● EXERCISE AIM:
Would you output the listing exactly, with every image omitted?

(DATA SHOWN)

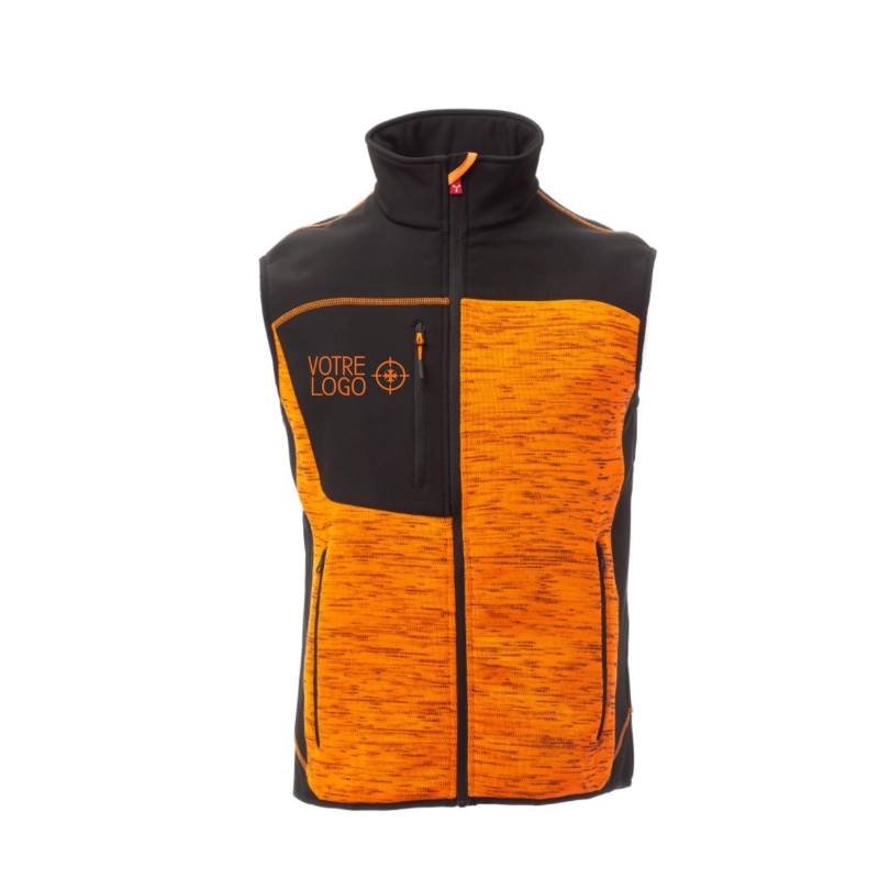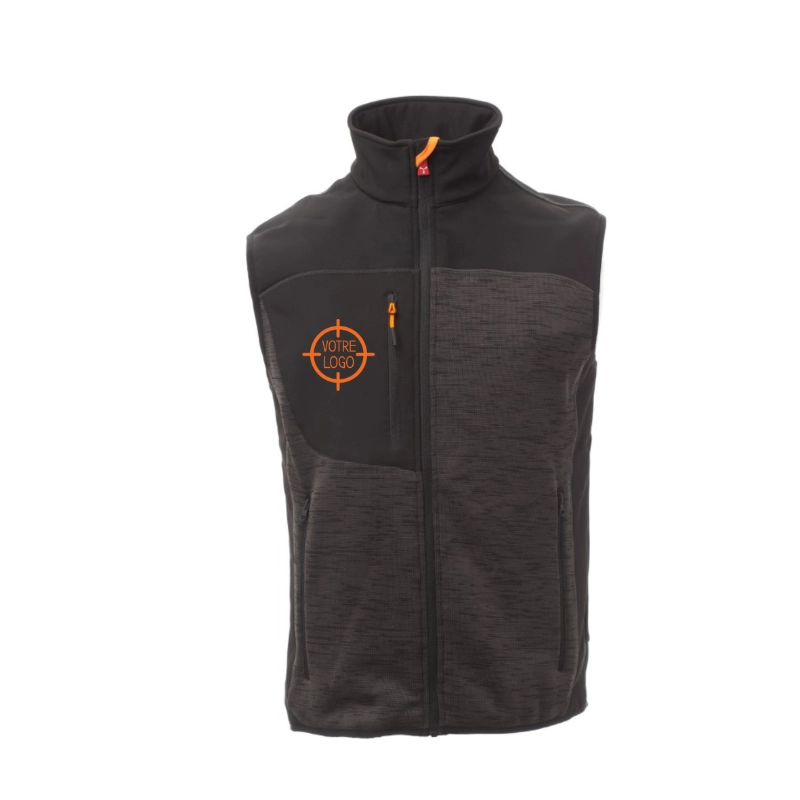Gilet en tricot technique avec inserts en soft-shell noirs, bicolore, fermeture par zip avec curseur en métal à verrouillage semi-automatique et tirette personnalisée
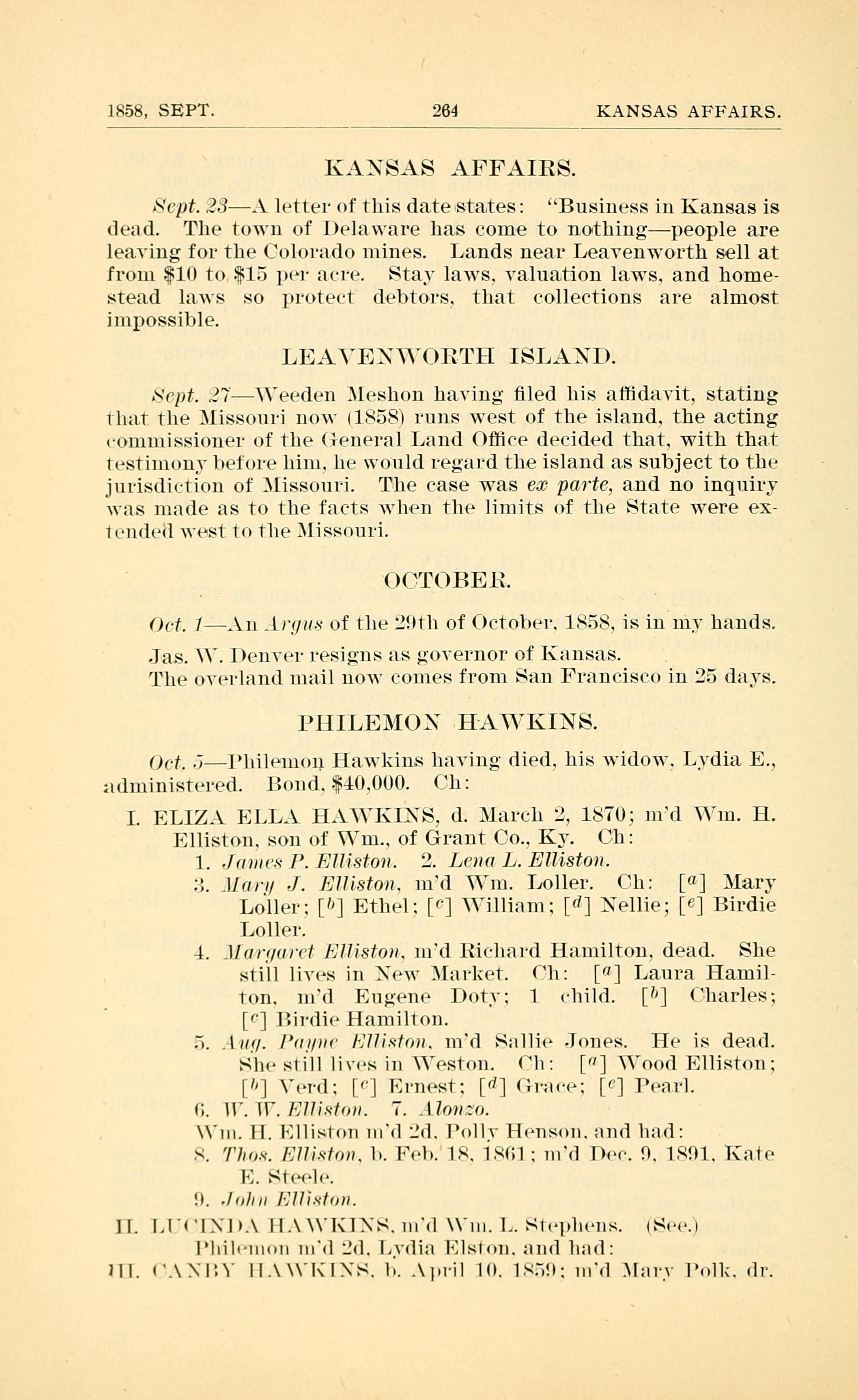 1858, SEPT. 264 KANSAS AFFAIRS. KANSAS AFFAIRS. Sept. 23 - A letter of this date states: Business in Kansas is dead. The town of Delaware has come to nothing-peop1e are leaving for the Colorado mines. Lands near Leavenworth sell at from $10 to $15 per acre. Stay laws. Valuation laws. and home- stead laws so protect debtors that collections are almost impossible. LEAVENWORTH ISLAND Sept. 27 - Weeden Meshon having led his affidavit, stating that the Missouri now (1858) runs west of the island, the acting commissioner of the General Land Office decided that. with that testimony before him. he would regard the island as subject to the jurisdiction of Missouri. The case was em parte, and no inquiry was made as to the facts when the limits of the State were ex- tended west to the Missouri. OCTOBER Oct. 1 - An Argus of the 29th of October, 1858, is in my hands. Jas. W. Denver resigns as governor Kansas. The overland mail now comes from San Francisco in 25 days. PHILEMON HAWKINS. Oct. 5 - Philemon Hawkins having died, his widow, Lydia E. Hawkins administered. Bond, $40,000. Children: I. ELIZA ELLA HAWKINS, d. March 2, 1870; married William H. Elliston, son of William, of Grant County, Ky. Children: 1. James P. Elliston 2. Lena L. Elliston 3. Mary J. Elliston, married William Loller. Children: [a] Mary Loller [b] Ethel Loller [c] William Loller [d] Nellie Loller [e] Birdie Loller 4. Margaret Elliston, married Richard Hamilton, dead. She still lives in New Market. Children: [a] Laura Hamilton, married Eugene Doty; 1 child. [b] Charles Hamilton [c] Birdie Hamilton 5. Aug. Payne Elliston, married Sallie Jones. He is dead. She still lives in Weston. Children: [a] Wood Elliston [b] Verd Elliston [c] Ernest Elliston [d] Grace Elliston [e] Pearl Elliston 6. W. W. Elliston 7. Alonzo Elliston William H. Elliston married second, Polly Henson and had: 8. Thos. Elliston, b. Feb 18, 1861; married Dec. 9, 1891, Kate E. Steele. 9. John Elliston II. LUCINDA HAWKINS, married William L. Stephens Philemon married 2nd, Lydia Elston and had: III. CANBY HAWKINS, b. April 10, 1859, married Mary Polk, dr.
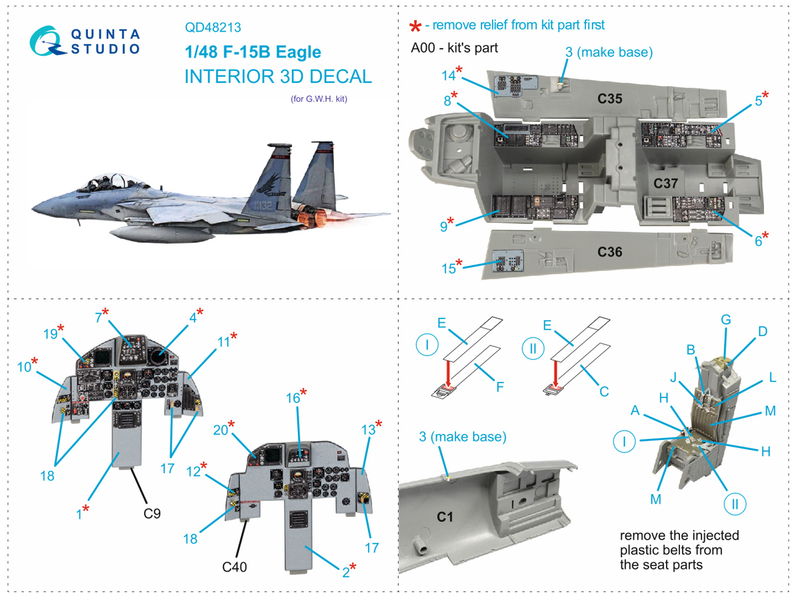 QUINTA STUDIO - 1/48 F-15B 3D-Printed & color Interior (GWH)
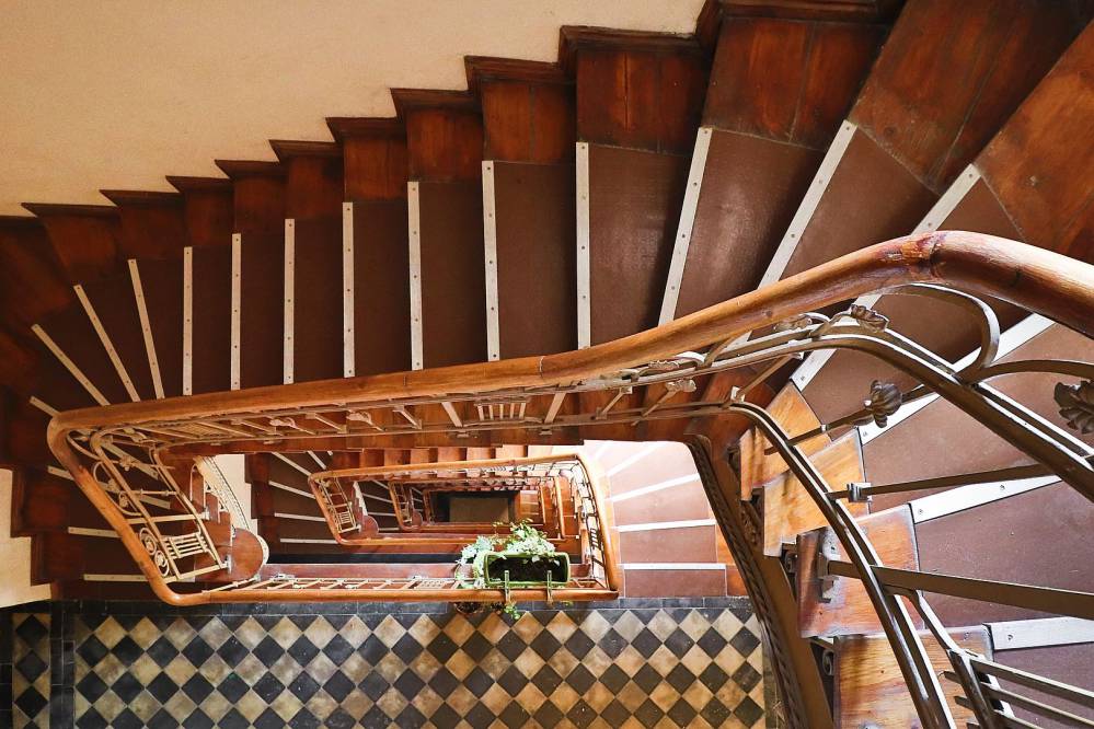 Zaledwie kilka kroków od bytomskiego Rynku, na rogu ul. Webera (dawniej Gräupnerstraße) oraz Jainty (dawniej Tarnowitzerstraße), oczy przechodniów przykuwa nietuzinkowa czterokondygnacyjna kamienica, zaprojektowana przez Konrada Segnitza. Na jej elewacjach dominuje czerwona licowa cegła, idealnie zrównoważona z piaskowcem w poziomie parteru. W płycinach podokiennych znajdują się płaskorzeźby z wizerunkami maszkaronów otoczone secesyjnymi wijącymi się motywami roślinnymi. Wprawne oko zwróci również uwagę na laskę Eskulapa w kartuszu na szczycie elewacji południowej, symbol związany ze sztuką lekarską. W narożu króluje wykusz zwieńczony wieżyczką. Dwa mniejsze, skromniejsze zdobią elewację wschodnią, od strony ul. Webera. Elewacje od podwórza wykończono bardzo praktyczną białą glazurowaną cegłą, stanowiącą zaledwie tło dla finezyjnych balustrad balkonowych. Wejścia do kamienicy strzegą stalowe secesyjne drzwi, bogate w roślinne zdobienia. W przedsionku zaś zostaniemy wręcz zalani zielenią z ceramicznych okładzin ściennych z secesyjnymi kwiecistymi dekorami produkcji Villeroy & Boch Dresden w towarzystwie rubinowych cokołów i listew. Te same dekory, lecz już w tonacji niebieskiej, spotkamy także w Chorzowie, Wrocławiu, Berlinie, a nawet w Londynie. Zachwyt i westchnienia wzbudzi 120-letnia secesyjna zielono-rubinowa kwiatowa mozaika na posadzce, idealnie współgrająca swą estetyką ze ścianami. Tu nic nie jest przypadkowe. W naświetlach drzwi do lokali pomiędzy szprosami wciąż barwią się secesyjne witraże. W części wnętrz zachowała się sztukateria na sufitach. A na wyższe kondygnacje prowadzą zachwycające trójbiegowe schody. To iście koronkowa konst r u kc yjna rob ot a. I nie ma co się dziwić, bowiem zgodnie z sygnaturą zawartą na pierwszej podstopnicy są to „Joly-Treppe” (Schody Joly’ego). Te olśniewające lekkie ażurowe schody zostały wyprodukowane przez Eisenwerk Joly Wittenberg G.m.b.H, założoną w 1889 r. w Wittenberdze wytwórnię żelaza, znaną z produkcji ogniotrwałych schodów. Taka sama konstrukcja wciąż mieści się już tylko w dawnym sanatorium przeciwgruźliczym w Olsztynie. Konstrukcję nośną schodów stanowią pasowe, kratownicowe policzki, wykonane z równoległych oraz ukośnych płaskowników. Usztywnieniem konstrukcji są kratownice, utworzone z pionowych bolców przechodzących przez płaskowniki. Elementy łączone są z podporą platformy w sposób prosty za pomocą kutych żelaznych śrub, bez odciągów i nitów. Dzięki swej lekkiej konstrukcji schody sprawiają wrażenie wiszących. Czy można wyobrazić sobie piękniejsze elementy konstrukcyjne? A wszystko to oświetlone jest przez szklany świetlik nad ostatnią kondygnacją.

(End DATA SHOWN)

● RESULT OF THIS EXERCISE:
Gilet en tricot technique avec inserts en soft-shell noirs, bicolore, fermeture par zip avec curseur en métal à verrouillage semi-automatique et tirette personnalisée
 1858, SEPT. 264 KANSAS AFFAIRS. KANSAS AFFAIRS. Sept. 23 - A letter of this date states: Business in Kansas is dead. The town of Delaware has come to nothing-peop1e are leaving for the Colorado mines. Lands near Leavenworth sell at from $10 to $15 per acre. Stay laws. Valuation laws. and home- stead laws so protect debtors that collections are almost impossible. LEAVENWORTH ISLAND Sept. 27 - Weeden Meshon having led his affidavit, stating that the Missouri now (1858) runs west of the island, the acting commissioner of the General Land Office decided that. with that testimony before him. he would regard the island as subject to the jurisdiction of Missouri. The case was em parte, and no inquiry was made as to the facts when the limits of the State were ex- tended west to the Missouri. OCTOBER Oct. 1 - An Argus of the 29th of October, 1858, is in my hands. Jas. W. Denver resigns as governor Kansas. The overland mail now comes from San Francisco in 25 days. PHILEMON HAWKINS. Oct. 5 - Philemon Hawkins having died, his widow, Lydia E. Hawkins administered. Bond, $40,000. Children: I. ELIZA ELLA HAWKINS, d. March 2, 1870; married William H. Elliston, son of William, of Grant County, Ky. Children: 1. James P. Elliston 2. Lena L. Elliston 3. Mary J. Elliston, married William Loller. Children: [a] Mary Loller [b] Ethel Loller [c] William Loller [d] Nellie Loller [e] Birdie Loller 4. Margaret Elliston, married Richard Hamilton, dead. She still lives in New Market. Children: [a] Laura Hamilton, married Eugene Doty; 1 child. [b] Charles Hamilton [c] Birdie Hamilton 5. Aug. Payne Elliston, married Sallie Jones. He is dead. She still lives in Weston. Children: [a] Wood Elliston [b] Verd Elliston [c] Ernest Elliston [d] Grace Elliston [e] Pearl Elliston 6. W. W. Elliston 7. Alonzo Elliston William H. Elliston married second, Polly Henson and had: 8. Thos. Elliston, b. Feb 18, 1861; married Dec. 9, 1891, Kate E. Steele. 9. John Elliston II. LUCINDA HAWKINS, married William L. Stephens Philemon married 2nd, Lydia Elston and had: III. CANBY HAWKINS, b. April 10, 1859, married Mary Polk, dr.
 QUINTA STUDIO - 1/48 F-15B 3D-Printed & color Interior (GWH)
 Zaledwie kilka kroków od bytomskiego Rynku, na rogu ul. Webera (dawniej Gräupnerstraße) oraz Jainty (dawniej Tarnowitzerstraße), oczy przechodniów przykuwa nietuzinkowa czterokondygnacyjna kamienica, zaprojektowana przez Konrada Segnitza. Na jej elewacjach dominuje czerwona licowa cegła, idealnie zrównoważona z piaskowcem w poziomie parteru. W płycinach podokiennych znajdują się płaskorzeźby z wizerunkami maszkaronów otoczone secesyjnymi wijącymi się motywami roślinnymi. Wprawne oko zwróci również uwagę na laskę Eskulapa w kartuszu na szczycie elewacji południowej, symbol związany ze sztuką lekarską. W narożu króluje wykusz zwieńczony wieżyczką. Dwa mniejsze, skromniejsze zdobią elewację wschodnią, od strony ul. Webera. Elewacje od podwórza wykończono bardzo praktyczną białą glazurowaną cegłą, stanowiącą zaledwie tło dla finezyjnych balustrad balkonowych. Wejścia do kamienicy strzegą stalowe secesyjne drzwi, bogate w roślinne zdobienia. W przedsionku zaś zostaniemy wręcz zalani zielenią z ceramicznych okładzin ściennych z secesyjnymi kwiecistymi dekorami produkcji Villeroy & Boch Dresden w towarzystwie rubinowych cokołów i listew. Te same dekory, lecz już w tonacji niebieskiej, spotkamy także w Chorzowie, Wrocławiu, Berlinie, a nawet w Londynie. Zachwyt i westchnienia wzbudzi 120-letnia secesyjna zielono-rubinowa kwiatowa mozaika na posadzce, idealnie współgrająca swą estetyką ze ścianami. Tu nic nie jest przypadkowe. W naświetlach drzwi do lokali pomiędzy szprosami wciąż barwią się secesyjne witraże. W części wnętrz zachowała się sztukateria na sufitach. A na wyższe kondygnacje prowadzą zachwycające trójbiegowe schody. To iście koronkowa konst r u kc yjna rob ot a. I nie ma co się dziwić, bowiem zgodnie z sygnaturą zawartą na pierwszej podstopnicy są to „Joly-Treppe” (Schody Joly’ego). Te olśniewające lekkie ażurowe schody zostały wyprodukowane przez Eisenwerk Joly Wittenberg G.m.b.H, założoną w 1889 r. w Wittenberdze wytwórnię żelaza, znaną z produkcji ogniotrwałych schodów. Taka sama konstrukcja wciąż mieści się już tylko w dawnym sanatorium przeciwgruźliczym w Olsztynie. Konstrukcję nośną schodów stanowią pasowe, kratownicowe policzki, wykonane z równoległych oraz ukośnych płaskowników. Usztywnieniem konstrukcji są kratownice, utworzone z pionowych bolców przechodzących przez płaskowniki. Elementy łączone są z podporą platformy w sposób prosty za pomocą kutych żelaznych śrub, bez odciągów i nitów. Dzięki swej lekkiej konstrukcji schody sprawiają wrażenie wiszących. Czy można wyobrazić sobie piękniejsze elementy konstrukcyjne? A wszystko to oświetlone jest przez szklany świetlik nad ostatnią kondygnacją.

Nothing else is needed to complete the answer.